Lactose or milk sugar is in abundant supply due to increasing cheese production. Lactose can be produced from whey or whey permeate. Its primary use is in bakery and confectionery products. Similar to other components of milk or whey, interest also has focused on the development and production of new lactose derivatives. The current news concerning lactose focuses on its derivatives, the galacto-oligosaccharides. Commercially successful examples are lactitol and lactulose.
Lactitol is produced by the chemical hydrogenation of lactose. Lactulose is produced by chemical isomerization of lactose. Galacto-oligosaccharides are an important part of the functional foods trend as a factor in the well-being of the digestive tract. Galacto-oligosaccharides are not digested or absorbed in the small intestine, so they reach the colon where they are fermented by beneficial colon bacteria, bifidobacteria.

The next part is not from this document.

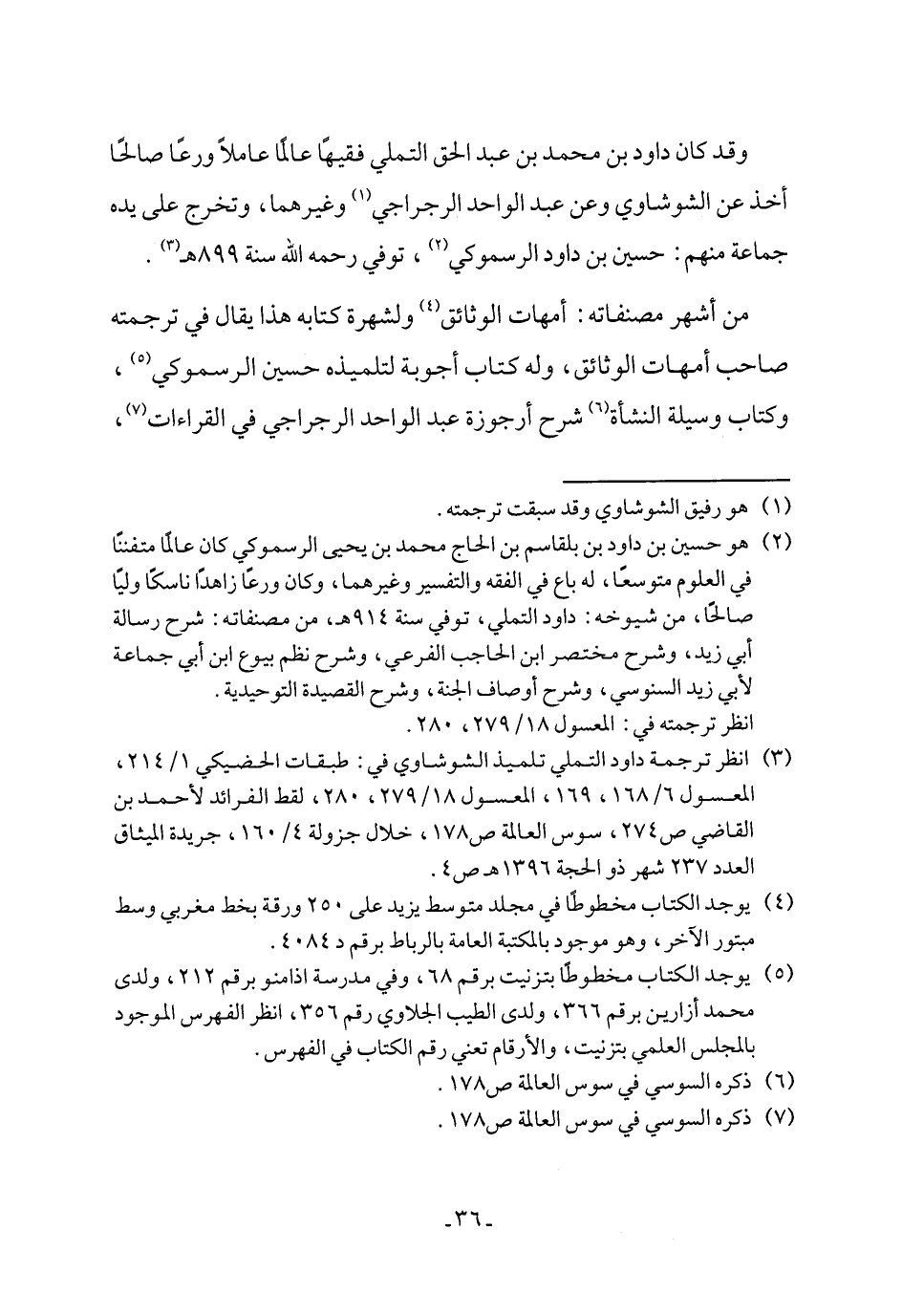 (¬3) انظر ترجمة داود التملي تلميذ الشوشاوي في: طبقات الحضيكي 1/ 214، المعسول 6/ 168، 169، المعسول 18/ 279، 280، لقط الفرائد لأحمد بن القاضي ص 274، سوس العالمة ص 178، خلال جزولة 4/ 160، جريدة الميثاق العدد 237 شهر ذو الحجة 1396 هـ ص 4.

Lactulose has a considerable influence in the medical treatment of some forms of liver disease, and it aids and/or restores health after bouts of salmonellosis. When used as a food ingredient to improve nutritional value, lactulose can be added to many applications, without loss of functional or nutritional properties due to processing. Some applications include: infant formulas or baby food; yogurt; diabetic sweetener; sugar substitute in confectionery products; and dried and liquid nutritional supplements for seniors.